Charlton began to drag Magda back into the kitchen-sitting-room but Gregory edged forward again towards the back door. As he did so a tommy-gun opened, sending a stream of lead over his head. Other Nazis had now come round to the back of the cottage and escape that way was impossible.
Turning, he found von Lutz crouching beside him on the floor. The Baron raised his automatic again, fired twice at the flash of the sub-machine-gun, then with his free hand swung-to the door. Springing up, Gregory secured it by thrusting the thick wooden bar home into its socket.
Back in the kitchen they found Frau Foldar trying to staunch Magda’s wound while Freddie stood helplessly beside her; but the old woman’s efforts were of no avail. The bullet had cut Magda’s jugular vein; blood poured from it like a river, drenching her clothes and forming great pools upon the floor. She was already dead, having succumbed within thirty seconds of the bullet’s hitting her.
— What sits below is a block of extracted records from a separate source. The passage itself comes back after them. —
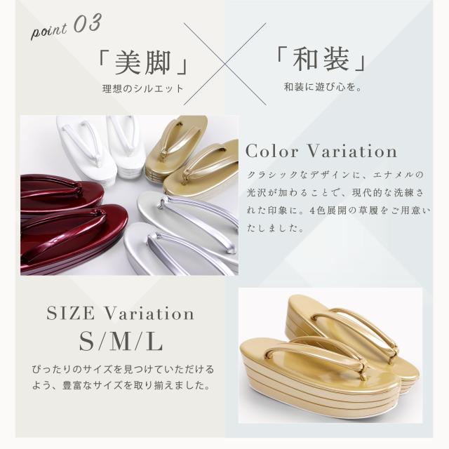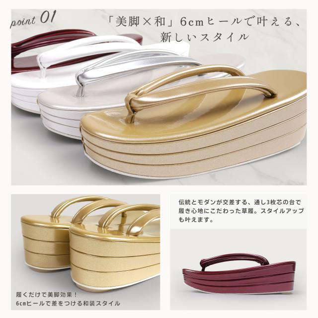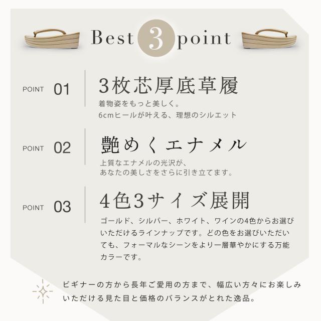 3枚芯 厚底 草履 レディース ヒール草履 エナメル フォーマル 草履 6cmの高いヒール 選べる 4色 3サイズ S M L 日本製 金 銀 白 ワイン 単品 金 銀 ゴールド シルバー 結婚式 入学式 卒業式 お宮参り 成人式 振袖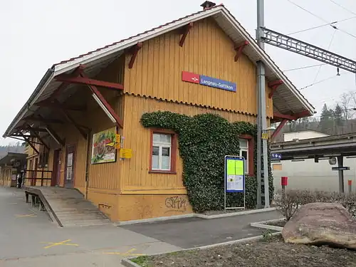 Langnau-Gattikon is a railway station in the Sihl Valley, and the municipality of Langnau am Albis, in the Swiss Canton of Zurich. Gattikon is an adjacent settlement, part of the municipality of Thalwil. The station is on the Sihltal line, which is operated by the Sihltal Zürich Uetliberg Bahn (SZU).[1]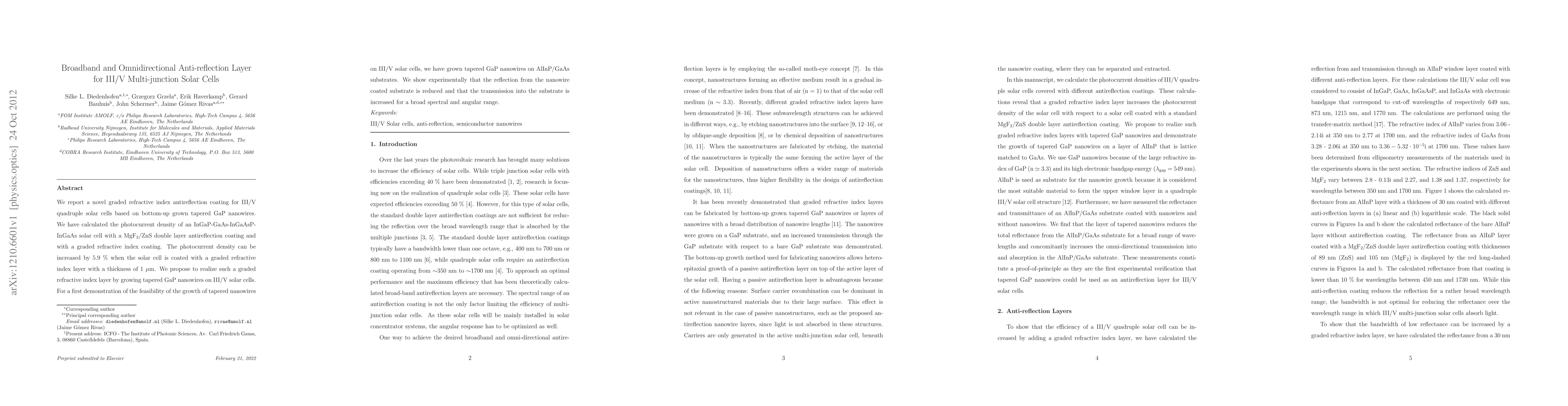 This paper introduces a novel graded refractive index antireflection coating using tapered GaP nanowires for III/V multi-junction solar cells, which increases photocurrent density by 5.9% and demonstrates reduced reflection and improved transmission over a broad spectral and angular range.

Covering her face, the others began a rapid consultation.
“We’re trapped!” said Gregory. “No hope of getting alive out of this place either way.”
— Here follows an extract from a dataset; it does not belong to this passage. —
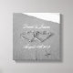 Herzen im Sand zeichnend Strandfotografie Leinwand drucken Romantische Wohngestaltung für frisch gezapfte / verheiratete Paar. Elegante Schrift Typografie für das Mietdatum und Namen für Braut und Bräutigam / Ehemann und Ehefrau Ehepaar. Klassisches Schwarz-Weiß- oder sephia-farbenes Foto. Gezeichnet verstrickte Herzen an einem sandigen Flitterwochenstrand. Schöner Valentinstag, Hochzeit oder Jubiläumsgeschenk Idee. Romance Liebe Thema Foto. Chic Küstenbild. Dekoratives nautisches Bild für Büro, Schlafzimmer oder Wohnzimmer.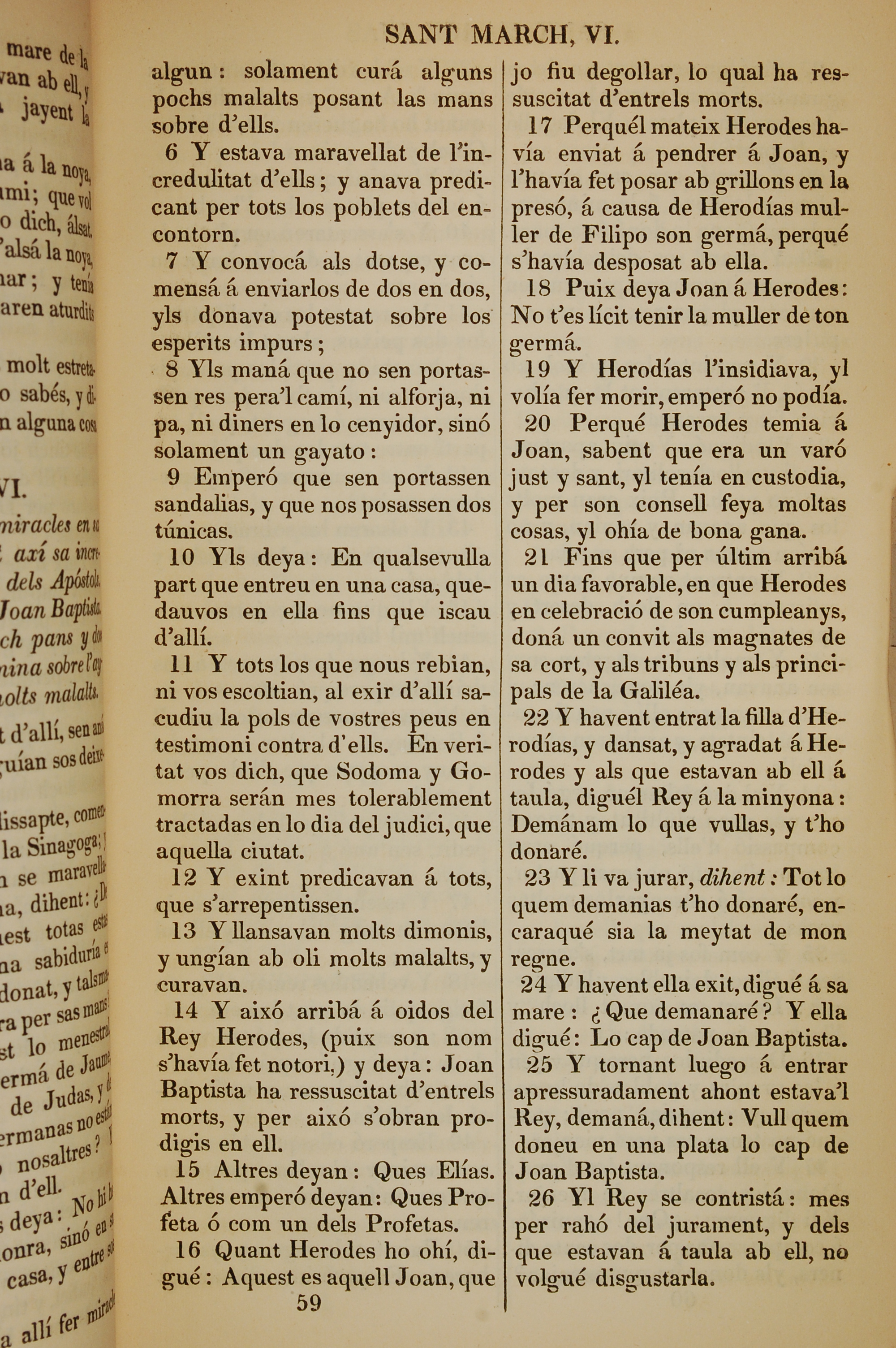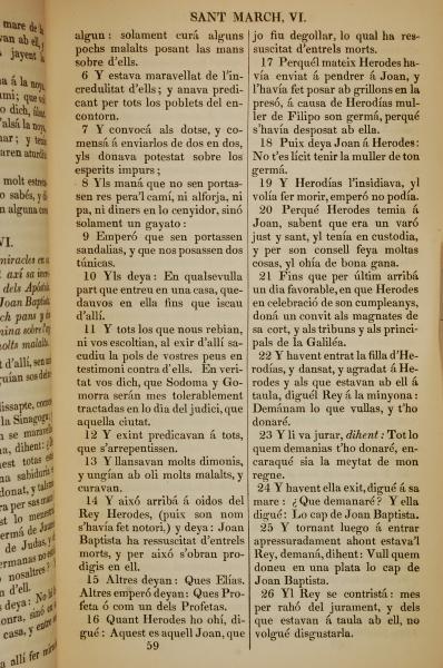 1835年加泰羅尼亞語新約全書 馬可福音 6 章 6 節到 6 章 26 節

“We will some of these swine to hell send before they get us, though,” muttered the Baron grimly.
“If we’ve got to die anyway, wouldn’t it be best to surrender?” asked Charlton.
“What?” exclaimed von Lutz in astonishment; then he added more quietly: “Of course, you can your hand throw in if you wish—but I’ll first see them in Hell.”
“I wasn’t thinking of myself,” said Freddie, “but of Frau Foldar. If we let them shoot this place to bits she’ll probably be killed too, whereas by giving ourselves up we might at least save her life.”